What to produce:
Return each entry word for word. Leave the images out.

Given entries:
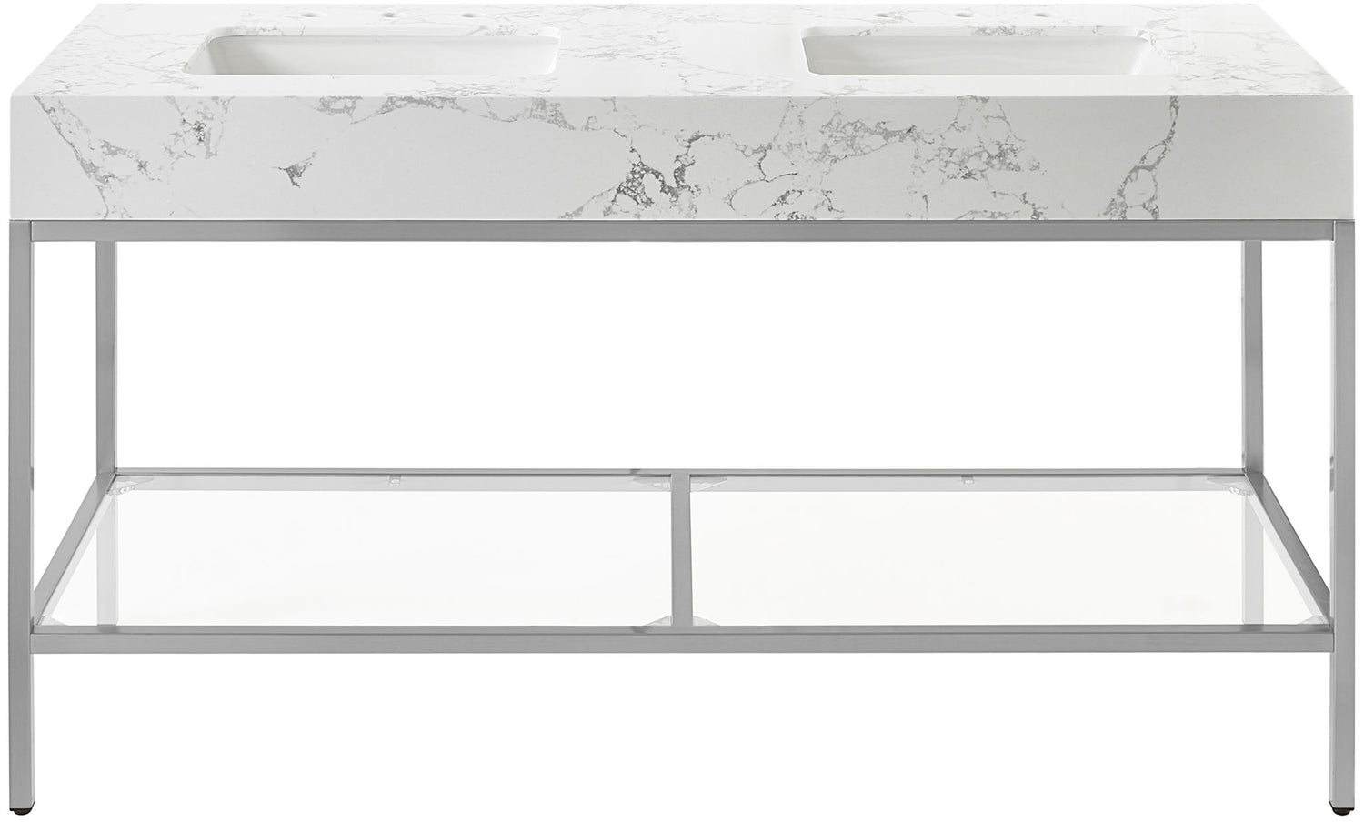 Marmo - 60" Engineered Marble Bathroom Vanity With Chrome Base - White
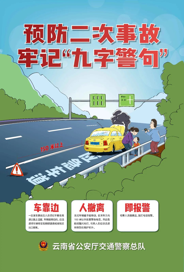 12.牢记高速公路“九字警句”(车靠边、人撤离、即报警)。一旦发生事故后人员切记不要在高速公路上逗留,未造成人员伤亡的轻微交通事故,当事人在确保安全的原则下,拍照取证并记录事故现场相关信息,车辆能移动的,应迅速将车辆移至右侧硬路肩或驶离高速公路;涉及人员伤亡的,要立即报警,马上开启危险报警闪光灯,并在车后150米处设置三角警示牌,车内人员迅速转移到护栏外等候,确保自身安全。
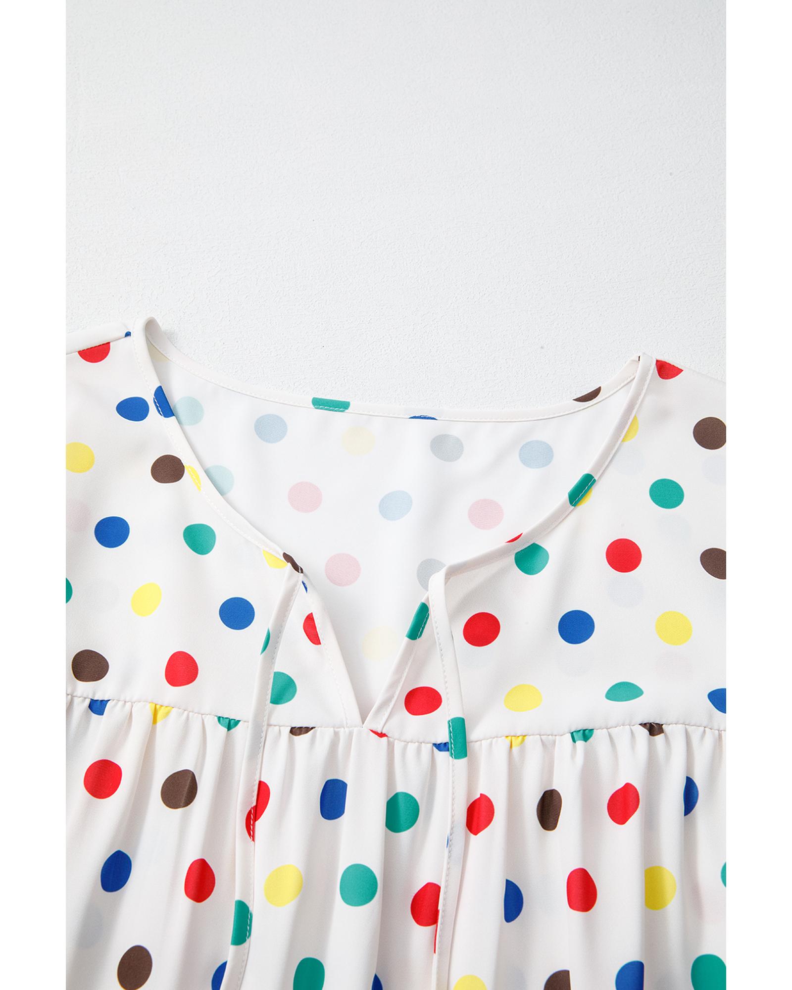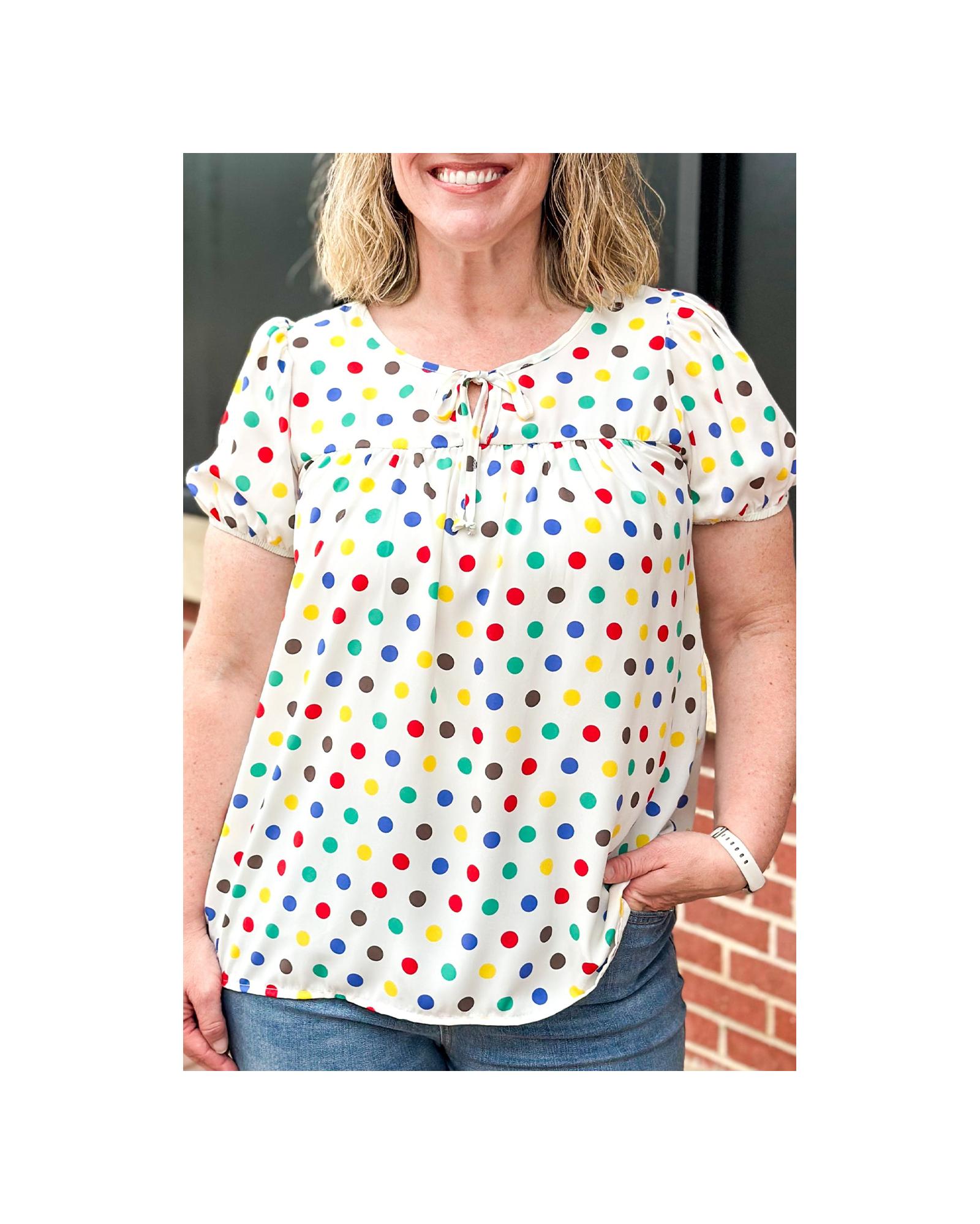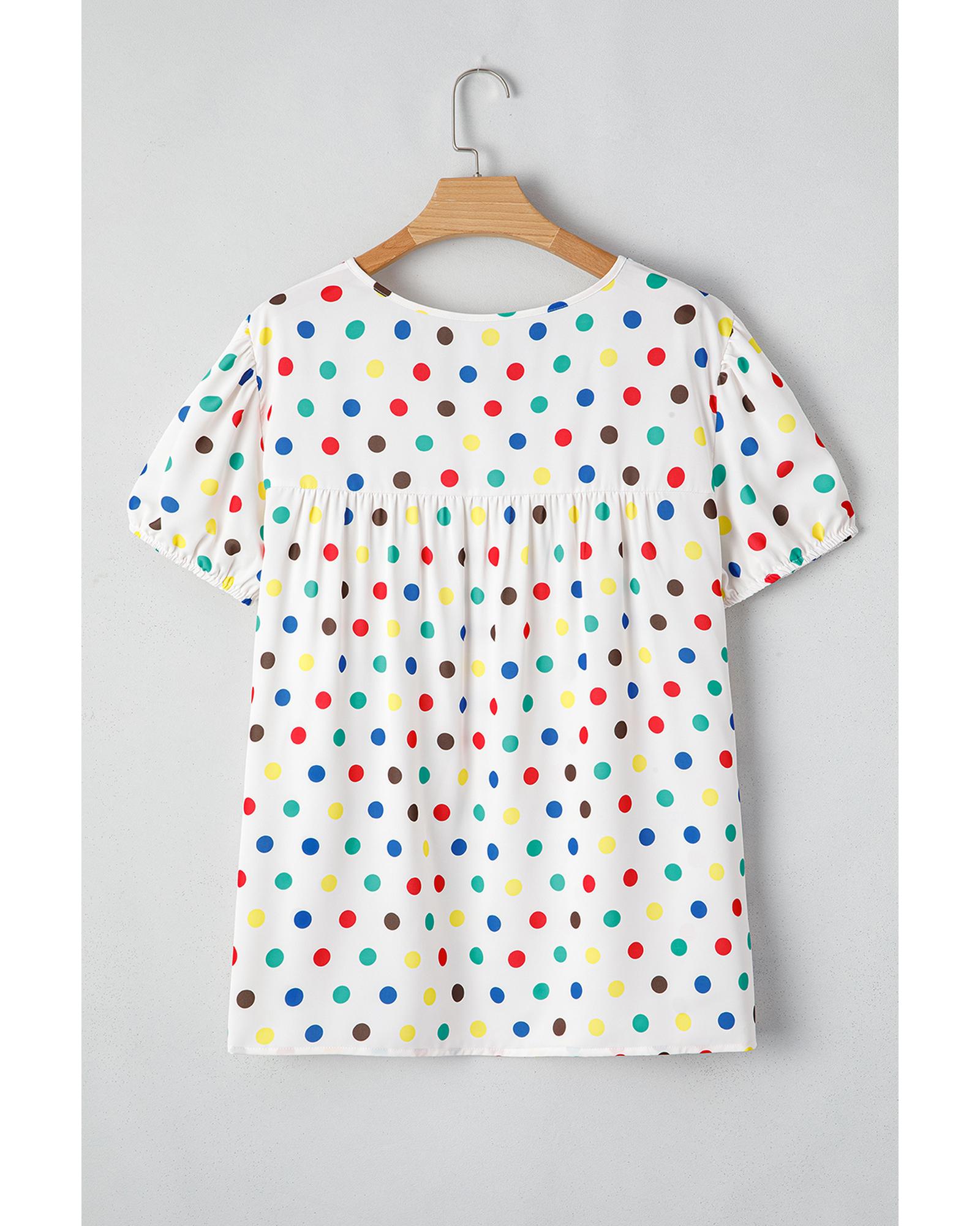 Apricot Plus Size Colorful Polka Dots Tie Neck Puff Sleeve Blouse – 1X
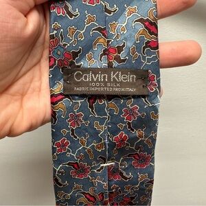 Calvin Klein Tie | Sea Blue with Red Pattern | Diagonal Striped | 100% Silk
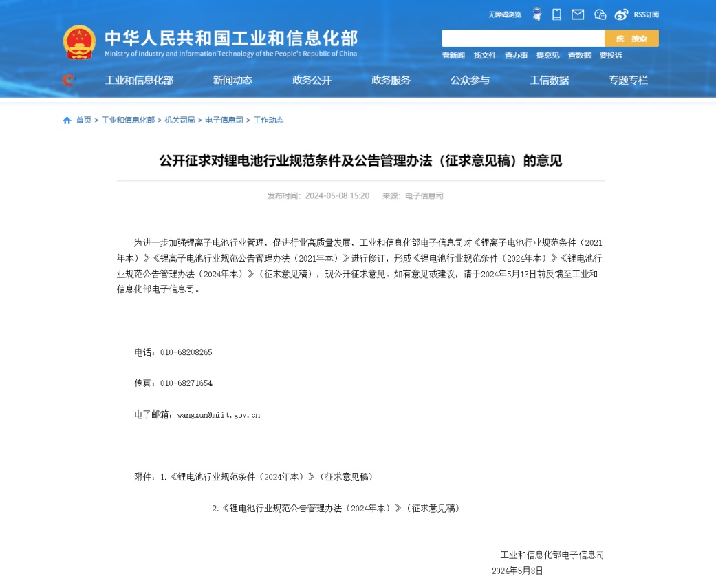 中國粉體網訊 5月8日,為進一步加強鋰離子電池行業管理,促進行業高質量發展,工業和信息化部電子信息司對《鋰離子電池行業規范條件(2021年本)》《鋰離子電池行業規范公告管理辦法(2021年本)》進行修訂,形成《鋰電池行業規范條件(2024年本)》《鋰電池行業規范公告管理辦法(2024年本)》(征求意見稿),現公開征求意見。
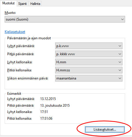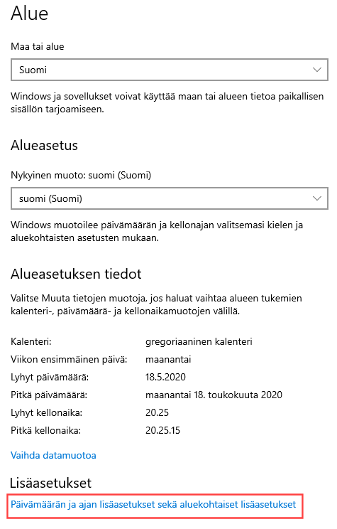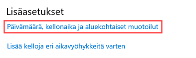 Päivämäärän ja ajan lisäasetukset sekä aluekohtaiset lisäasetukset.
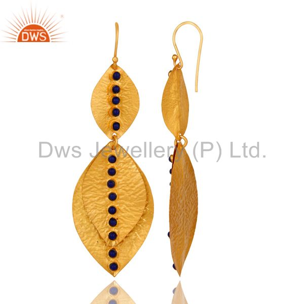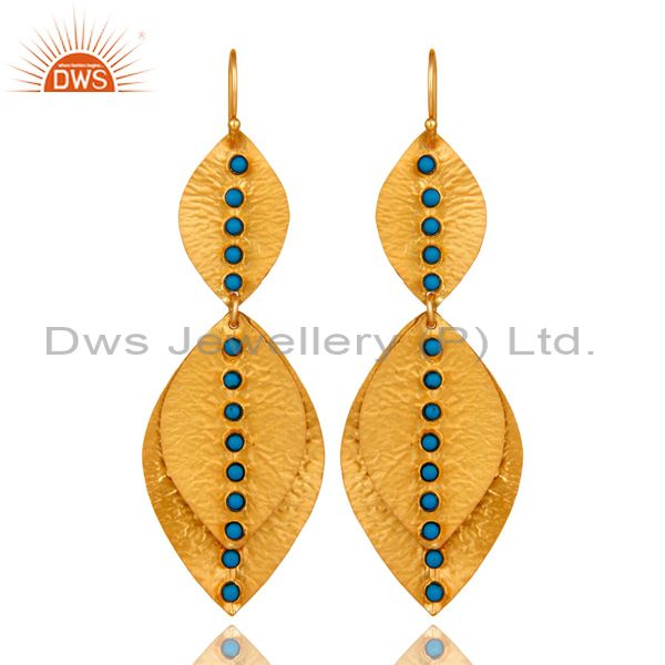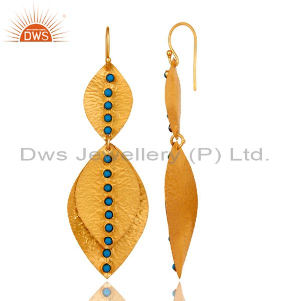 24K Yellow Gold Plated Sterling Silver Turquoise Petals Designer Dangle Earrings
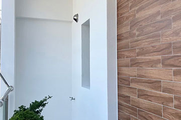外牆部分採用塗料,跳脫出樸素又不失格調的質感。
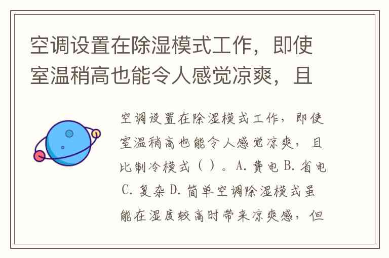 空调设置在除湿模式工作,即使室温稍高也能令人感觉凉爽,且比制冷模式()。A.费电 B.省电 C.复杂 D.简单
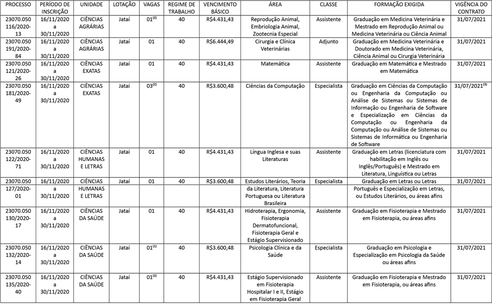 A Universidade Federal de Jataí por meio do Edital 06/2020 torna pública as inscrições para o processo seletivo para a contratação de professor substituto para diversas áreas.

Exercise output:
 Marmo - 60" Engineered Marble Bathroom Vanity With Chrome Base - White
 12.牢记高速公路“九字警句”(车靠边、人撤离、即报警)。一旦发生事故后人员切记不要在高速公路上逗留,未造成人员伤亡的轻微交通事故,当事人在确保安全的原则下,拍照取证并记录事故现场相关信息,车辆能移动的,应迅速将车辆移至右侧硬路肩或驶离高速公路;涉及人员伤亡的,要立即报警,马上开启危险报警闪光灯,并在车后150米处设置三角警示牌,车内人员迅速转移到护栏外等候,确保自身安全。
 Apricot Plus Size Colorful Polka Dots Tie Neck Puff Sleeve Blouse – 1X
 Calvin Klein Tie | Sea Blue with Red Pattern | Diagonal Striped | 100% Silk
 中國粉體網訊 5月8日,為進一步加強鋰離子電池行業管理,促進行業高質量發展,工業和信息化部電子信息司對《鋰離子電池行業規范條件(2021年本)》《鋰離子電池行業規范公告管理辦法(2021年本)》進行修訂,形成《鋰電池行業規范條件(2024年本)》《鋰電池行業規范公告管理辦法(2024年本)》(征求意見稿),現公開征求意見。
 Päivämäärän ja ajan lisäasetukset sekä aluekohtaiset lisäasetukset.
 24K Yellow Gold Plated Sterling Silver Turquoise Petals Designer Dangle Earrings
外牆部分採用塗料,跳脫出樸素又不失格調的質感。
 空调设置在除湿模式工作,即使室温稍高也能令人感觉凉爽,且比制冷模式()。A.费电 B.省电 C.复杂 D.简单
 A Universidade Federal de Jataí por meio do Edital 06/2020 torna pública as inscrições para o processo seletivo para a contratação de professor substituto para diversas áreas.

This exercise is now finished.